Maybe you could use a map from each cell to its content as state. This does ignore the movement of monsters and player, which are probably very important, too.

The details depend on how you want to model your problem (deciding what belongs to the state and in which form).

Then a policy maps each state to an action like left, right, jump, etc.

First you must understand the problem that is expressed by a MDP before thinking about how algorithms like value iteration work.

I know this is a fairly old post, but i came across it when looking for MDP related questions, I did want to note (for folks coming in here) a few more comments about when you stated what "s" and "a" were.

I think for a you are absolutely correct it's your list of [up,down,left,right].

However for s it's really the location in the grid and s' is the location you can go to. What that means is that you pick a state, and then you pick a particular s' and go through all the actions that can take you to that sprime, which you use to figure out those values. (pick a max out of those). Finally you go for the next s' and do the same thing, when you've exhausted all the s' values then you find the max of what you just finished searching on.
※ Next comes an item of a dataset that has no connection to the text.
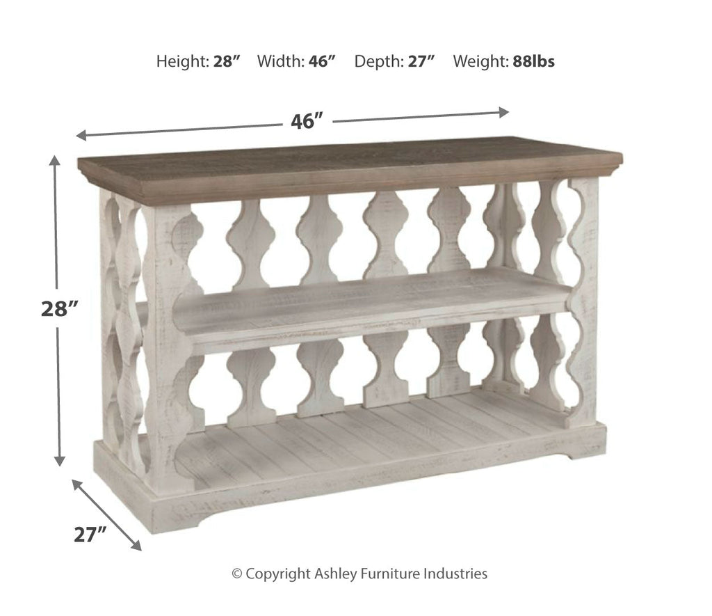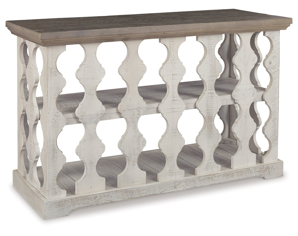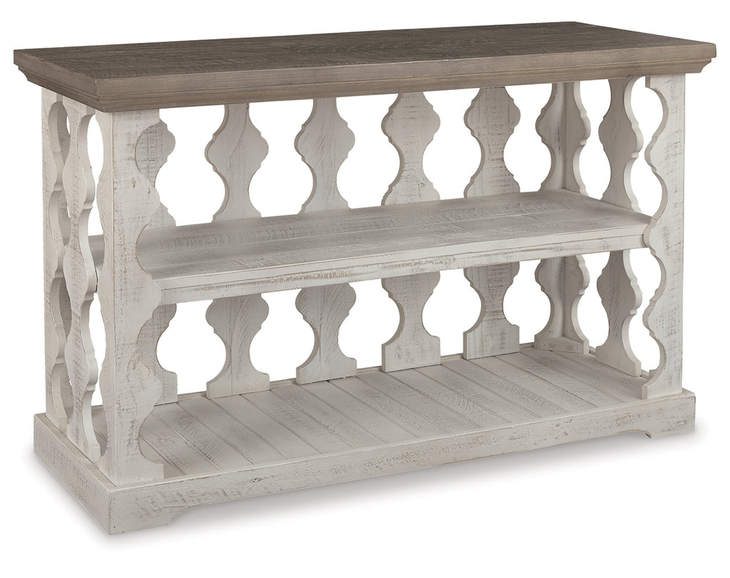 With its richly rustic finish and textural mix, this sofa table goes to town on bygone beauty. Its distressed two-tone treatment blends a weathered gray with vintage white for an utterly charming effect. Balustrade-style planks supporting the top create an eye-catching look that’s anything but ordinary.

Suppose you picked a grid cell in the corner, you'd only have 2 states you could possibly move to (assuming bottom left corner), depending on how you choose to "name" your states, we could in this case assume a state is an x,y coordinate, so your current state s is 1,1 and your s' (or s prime) list is x+1,y and x,y+1 (no diagonal in this example) (The Summation part that goes over all s')

Also you don't have it listed in your equation, but the max is of a or the action that gives you the max, so first you pick the s' that gives you the max and then within that you pick the action (at least this is my understanding of the algorithm).

So if you had

x,y+1 left = 10 
x,y+1 right = 5 

x+1,y left = 3
x+1,y right 2

You'll pick x,y+1 as your s', but then you'll need to pick an action that is maximized which is in this case left for x,y+1. I'm not sure if there is a subtle difference between just finding the maximum number and finding the state then the maximum number though so maybe someone someday can clarify that for me.

If your movements are deterministic (meaning if you say go forward, you go forward with 100% certainty), then it's pretty easy you have one action, However if they are non deterministic, you have a say 80% certainty then you should consider the other actions which could get you there. This is the context of the slippery wheel that Jose mentioned above.

I don't want to detract what others have said, but just to give some additional information.